This tries to get rid of the two Scalar Subqueries/Outer Apply. It runs a single aggregation on the transaction table using a conditional aggregate and the old piggyback trick to get the latest trans_live.

SELECT
   me.id
  ,me.merchant_num
  ,me.merchant_nm
   -- return 0 count for merchants that don't have any transactions
   -- within the given range of dates
  ,Count(CASE WHEN tt.transaction_dt BETWEEN '2020-04-01' AND '2020-04-30' THEN tt.id end) AS num_transactions
   -- the date of the last transaction that uses IBank (IBA)
  ,CASE WHEN me.status = 'A' THEN 'Yes' ELSE 'No' END AS production_mode   
  ,Max(CASE WHEN bank_txt = 'IBA' THEN tt.transaction_dt END) AS last_IBA_transaction_dt
      -- the value of the "trans_live" column for the merchant's most recent transaction
      -- piggybacks the trans_live on the max transaction_dt
      -- similar to FIRST_VALUE
     ,convert(bit, Substring(Max(convert(CHAR(8), tt.transaction_dt, 112) + convert(CHAR(1), trans_live)), 9, 1)) AS is_live
FROM merchant_t AS me
LEFT JOIN transaction_t AS tt
  ON tt.merchant_id = me.id 
WHERE me.status = 'T' 
GROUP BY 
   me.id
  ,me.merchant_num
  ,me.merchant_nm
  ,me.status

Don't ask me about adding indexes for improving performance, I don't work with SQL Server anymore and my main DBMS Teradata usually runs fast without adding indexes for specific queries :-)

dnoeth
  • 59,503
  • 4
  • 39
  • 56
  • Clever trick with `trans_live`. Performance is just a matter of what is faster: read all 19M transactions once or seek index in that table ~1400 times. – Vladimir Baranov Jun 15 '20 at 23:54
  • @VladimirBaranov: In Teradata it's processing all 19M rows :-) – dnoeth Jun 16 '20 at 06:52
  • @dnoeth, thanks for this. This works well too. I've upvoted your answer. This answer is actually more usable for Excel. It nearly works except for one line. I've created a new question explaining it. Feel free to contribute if you can. https://stackoverflow.com/questions/62383674/parametizing-query-for-excel – user460114 Jun 20 '20 at 01:15
0

You don't need the DISTINCT, that's already taken care of by the GROUP BY.

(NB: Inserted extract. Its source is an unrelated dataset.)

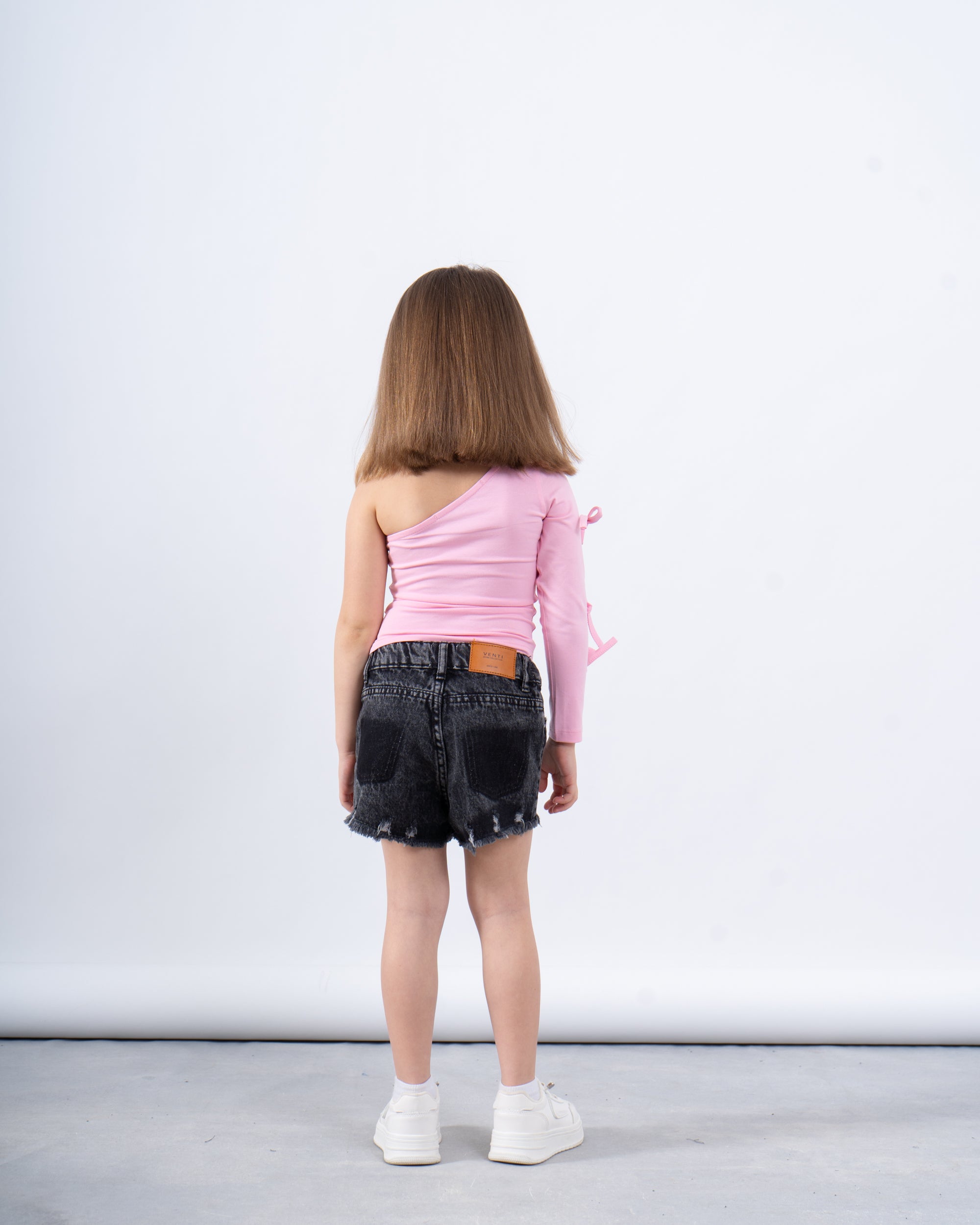 A statement top with a playful twist. Designed with a one-shoulder silhouette and bow tie details on the sleeve, it adds personality to any outfit. Perfect for dressing up denim shorts or layering under a jacket.

Problem is that the columns that you GROUP BY are different than the columns in your SELECT.

You could use a subquery like this:

WITH cte_merc
as
(
    SELECT merc.id,merc.status,merc.merchant_nm,  merc.merchant_num,   
        (   select max(transaction_dt) 
           from transaction_t 
           where merchant_id = merc.id 
           and bank_txt = 'IBA') as last_ibank_transaction

       -- the value of the "trans_live" column for the merchant's most recent transaction
       ,(   select top 1 trans_live          
           from transaction_t
           where merchant_id = merc.id 
           order by transaction_dt desc) is_live

    FROM merchant_t merc
)

SELECT me.id, me.merchant_num, me.merchant_nm, count(1) as num_transactions
       ,me.is_live ,me.last_ibank_transaction 
FROM cte_merc me
INNER JOIN transaction_t tt
    ON tt.merchant_id = me.id 
WHERE me.status = 'T'
AND tt.transaction_dt BETWEEN '2020-04-01' and '2020-04-30'
GROUP BY me.id, me.merchant_num, me.merchant_nm, me.status    ,me.is_live ,me.last_ibank_transaction  
Wouter
  • 2,881
  • 2
  • 9
  • 22
  • Thanks for that. I probably should have said this in the original post, but I am trying to avoid having the dates inside a subquery because this query will be used in an excel report and I need to parametise the transaction dates. Excel doesn't seem to like it when the parametised columns are buried inside a subquery. – user460114 May 29 '20 at 07:41
  • In that case you can replace the subquery with a case: max(CASE WHEN tt.bank_txt = 'IBA' THEN transaction_dt END) – Wouter May 29 '20 at 08:29
  • I tested your query. The subquery needs a group by clause: GROUP BY me.id, me.merchant_nm, me.merchant_num, me.status, tt.bank_txt. And I'm still getting duplicates unfortunately. – user460114 May 29 '20 at 09:06
0

I think this should help. With the left outer join, Your query suggested that you need merchants irrespective of if they made a transaction or not between a period. It can be useful in cases where you want to see or compare the merchants that made transactions in the last month but no transactions in current month and might need business attention.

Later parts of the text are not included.